After a few minutes, the Entra groups appear in AWS IAM Identity Center → Groups.

Step 5 — Define permission sets and bind to AWS accounts

A permission set is a reusable role definition. The same permission set can be assigned to one Entra group across many AWS accounts.

Recommended role archetypes:

Permission set Maps to AWS managed policy For
Platform-Admin AdministratorAccess Cloud platform team
Security-Audit-RO SecurityAudit + ReadOnlyAccess Security auditors
Data-Engineer-RW Custom (S3 + Glue + EMR + Lake Formation) Data engineering
Data-Analyst-RO Custom (Athena + S3 read on specific buckets) Analysts
Developer PowerUserAccess App developers in non-prod

For each:

  1. AWS IAM Identity Center → Permission setsCreate.
  2. Choose the policy type (managed, custom inline, or both).
  3. Set the session duration (1-12 hours; 8 hours is a reasonable default).
  4. AWS Accounts → select the accounts → Assign users or groups → pick the Entra group → pick the permission set.
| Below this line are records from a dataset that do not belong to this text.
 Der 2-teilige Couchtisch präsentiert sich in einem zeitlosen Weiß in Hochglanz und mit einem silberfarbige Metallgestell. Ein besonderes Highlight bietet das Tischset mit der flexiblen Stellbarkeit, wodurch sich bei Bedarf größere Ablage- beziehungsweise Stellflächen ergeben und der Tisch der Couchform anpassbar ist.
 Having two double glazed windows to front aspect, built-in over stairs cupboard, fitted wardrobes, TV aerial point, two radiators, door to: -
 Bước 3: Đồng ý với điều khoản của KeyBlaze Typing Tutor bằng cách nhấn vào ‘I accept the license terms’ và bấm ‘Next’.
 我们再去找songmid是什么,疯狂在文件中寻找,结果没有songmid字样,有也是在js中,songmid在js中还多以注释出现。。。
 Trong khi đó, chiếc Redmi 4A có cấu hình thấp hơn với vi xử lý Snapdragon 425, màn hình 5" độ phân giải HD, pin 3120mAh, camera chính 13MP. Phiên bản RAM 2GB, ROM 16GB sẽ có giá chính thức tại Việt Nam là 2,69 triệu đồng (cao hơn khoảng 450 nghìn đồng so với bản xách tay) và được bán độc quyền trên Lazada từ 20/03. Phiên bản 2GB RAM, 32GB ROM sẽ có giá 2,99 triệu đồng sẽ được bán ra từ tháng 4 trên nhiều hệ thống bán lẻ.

The user signs in to the AWS start URL, sees the AWS accounts they have access to, picks the permission set, and assumes the underlying IAM role for the session duration.

Conditional Access policies

In Entra, add the AWS Enterprise App to your baseline Conditional Access policies:

  • Require MFA for all sign-ins.
  • Require compliant device for Platform-Admin role.
  • Block legacy auth.
  • Block by geography unless travel exception.
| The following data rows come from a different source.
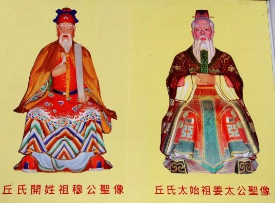 丘穆公,姜姓,吕氏,名印,姜太公的第三子,因曾代替父亲姜太公和兄来自长齐丁公镇守齐国首都营丘,所以后世子孙便以"丘"为氏,他是姜姓丘氏的始祖。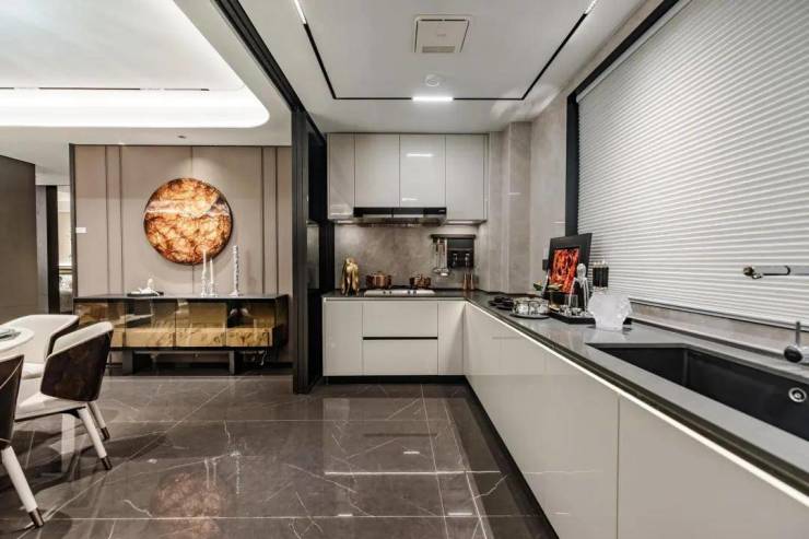 建面约228㎡实景细节如下:u型厨房,斯麦格灶具+蒸烤一体机+洗碗机+内嵌冰箱,还有天花吊顶、背景墙曲线,配有独立西厨岛台交付。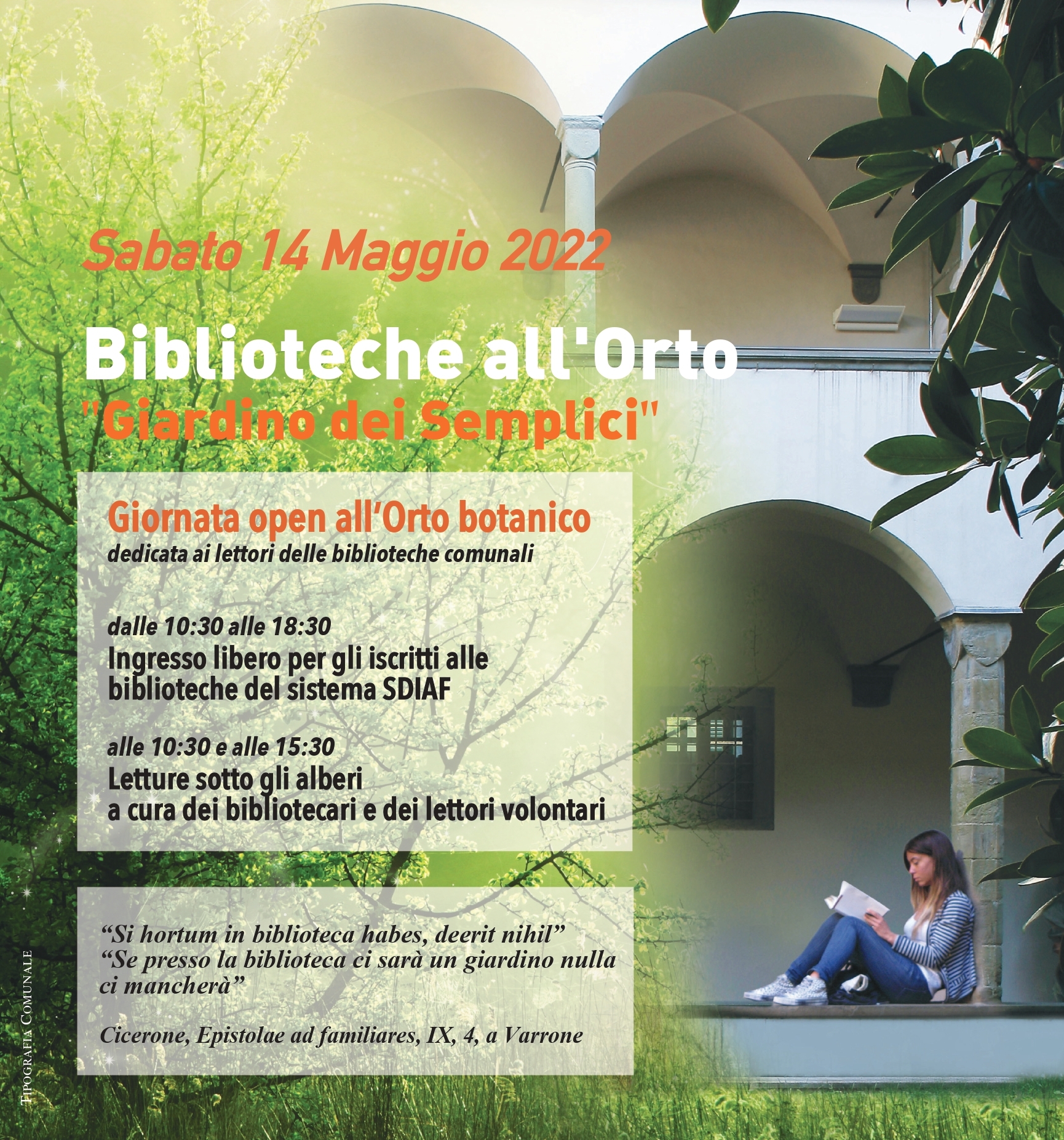 Sabato 14 maggio dalle ore 10.30 letture all'Orto Botanico, in collaborazione con la Biblioteca delle Oblate

These apply automatically because AWS is now an Entra-federated application.

Breakglass accounts

Create two IAM users in the AWS management account, outside the federation, for federation-failure recovery:

  1. IAM → Users → Create two users (e.g., breakglass-1, breakglass-2).
  2. Attach AdministratorAccess.
  3. Generate console password + access keys; require MFA via FIDO2.
  4. Store credentials in a hardware-token-protected vault.
  5. Set up CloudTrail alarms on any login or API use by these users.
  6. Document the use procedure; do quarterly rotation drills.

CLI access

For programmatic access, install aws sso (built into AWS CLI v2):

aws configure sso
# SSO start URL: https://d-xxxxxxxxxx.awsapps.com/start
# SSO region: us-east-1
# Account ID + permission set are chosen interactively
aws sso login --profile my-account-admin
aws s3 ls --profile my-account-admin

The session token is cached locally for the permission set's session duration. No long-lived access keys.

Verification

After completing all five steps:

  • Sign in to the AWS Identity Center start URL with an Entra identity. MFA is prompted. AWS accounts list is shown.
  • Pick an account + permission set. AWS console loads with the role's privileges.
  • aws sso login from the CLI succeeds.
  • Sentinel (or your SIEM) receives the CloudTrail event for the assumed role.
  • Entra sign-in log shows the SAML sign-in to the AWS app.
  • No IAM users exist in the management account except the two breakglass accounts.